Я проболела несколько недель. Зимняя погода препятствовала моему выздоровлению, я подхватила простуду, не успев оправиться после преждевременного рождения ребенка, и провела в постели еще некоторое время. Помню сочувственные гримасы на лицах, склонявшихся надо мной, но сердце мое замерзло; я хотела поблагодарить всех за беспокойство, но в словах не было никакого смысла. Тэбби (она жила с нами на Кранбурн, еще когда я была совсем маленькой) ухаживала за мной и качала головой, и поила меня бульоном; юная Эм, горничная, расчесывала мои волосы и одевала меня в прелестные кружевные ночные сорочки, и сплетничала о своей семье и сестрах в далеком Йоркшире; садовник Эдвин время от времени присылал несколько ранних крокусов или нарциссов со своих драгоценных клумб и ворчал, что «они подкрасят щечки молодой госпожи». Но даже их доброта не могла меня расшевелить. Я сидела у камина, завернувшись в толстую шаль, иногда с вышиванием, но чаще просто уставившись на огонь.
Уильям, который мог бы разбудить меня, вернулся в Оксфорд, где его ждала должность младшего научного сотрудника, и теперь разрывался между радостью от вознаграждения за долгие годы учебы и тревогой, что оставил меня в столь подавленном состоянии.
Генри был само внимание: почти целый месяц ко мне не пускали посетителей — он говорил, что никому не позволит меня расстраивать, — и он ни разу не уходил к себе в студию. Генри работал дома над дюжинами эскизов к моим портретам, но мне, некогда очарованной его работами, теперь было все равно. Раньше мне нравилось, как он меня рисует, выделяя глаза и подчеркивая правильность черт, но теперь его искусство оставляло меня равнодушной, и я удивлялась, что когда-то считала его талантливым.
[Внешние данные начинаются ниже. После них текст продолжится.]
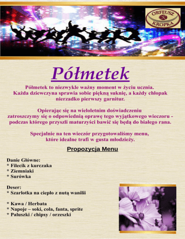Półmetek Półmetek to niezwykle ważny moment w życiu ucznia. Każda dziewczyna sprawia sobie piękną suknię, a każdy chłopak nierzadko pierwszy garnitur. Opierając się na wieloletnim doświadczeniu zatroszczymy się o odpowiednią oprawę tego wyjątkowego wieczoru podczas którego przyszli maturzyści bawić się będą do białego rana. Specjalnie na ten wieczór przygotowaliśmy menu, które idealne trafi w gusta młodzieży. Propozycja Menu Danie Główne: * Filecik z kurczaka * Ziemniaki * Surówka Deser: * Szarlotka na ciepło z nutą wanilii * Kawa / Herbata * Napoje – soki, cola, fanta, sprite * Paluszki / chipsy / orzeszki Propozycja Menu Zimna Płyta: * Płyta wędlinowa * Płyta serowa * Sałatka z gyrosem * Tymbaliki z drobiu * Jajko w sosie tatarskim * Pieczywo / masło Gorąca Kolacja ( do wyboru ): * Bursztynowy Barszczyk z pasztecikiem * Zupa gulaszowa * Żurek śląski z jajkiem CENNIK: 70zł / osoba – propozycja bez ciasta, napojów i kolacji 75zł / osoba – propozycja bez kolacji, ale z ciastem i napojami 80zł / osoba – propozycja pełnego pakietu

Его картины, развешанные, как трофеи, по всем свободным стенам в каждой комнате, вызывали у меня отвращение. Но хуже всех была «Маленькая нищенка» в спальне, написанная, когда мне было всего тринадцать, — эта картина преследовала меня, как мой призрак. Лондонские трущобы воспроизведены в мельчайших деталях, от пара над тротуарами до сажи, опускающейся с мутного неба. Тощий кот обнюхивает дохлую птицу в канаве. Радом сидит умирающая девочка, босая, одетая лишь в рубаху, ее длинные волосы свисают до земли. Разбитая чашка для подаяний лежит радом на мостовой, лицо воздето к небу, и на нем играет случайный луч света. На раме, созданной по эскизам художника, выгравирована строфа из его собственного одноименного стихотворения:
Невинная, нетронутая лаской,
Свободная от грез земной Любви,
Оставь покровы смертной, слабой плоти
И, озаряясь, в выси воспари.
Небесные к тебе склонятся духи,
Хоть ты и выйдешь к ним из темноты,
А рядом на престоле Всемогущий,
И в вечной радости Его невеста — ты.
Когда-то я восхищалась мистером Честером — у него так легко получалось писать настоящие стихи. Я не терпела критики в его адрес, плакала в сердцах, когда мистер Раскин[7] нелестно отозвался о его первой выставке. Я смутно помнила то время, когда поклонялась ему, берегла каждое написанное им слово, каждый выброшенный рисунок. Я помню свое благоговение и признательность, когда он предложил нанять мне учителей, радость, охватившую меня, когда я услышала, о чем мама говорит с Генри в библиотеке. Тетушка Мэй не одобряла брака с человеком настолько старше меня. Но маму ослепили мысли о благах, которыми мистер Честер мог обеспечить ее дочь, а меня — меня ослепил сам мистер Честер. В семнадцать лет я вышла за него замуж.
Вышла за него замуж!
Я яростно схватилась за иголку, нижний стежок — раз, верхний стежок — два, меня вдруг переполнила ненависть и злоба. Вышивка по рисунку Генри была наполовину готова: яркие насыщенные цвета, спящая красавица на увитом розами ложе. И хотя работа была не закончена, лицо спящей девушки уже напоминало мое.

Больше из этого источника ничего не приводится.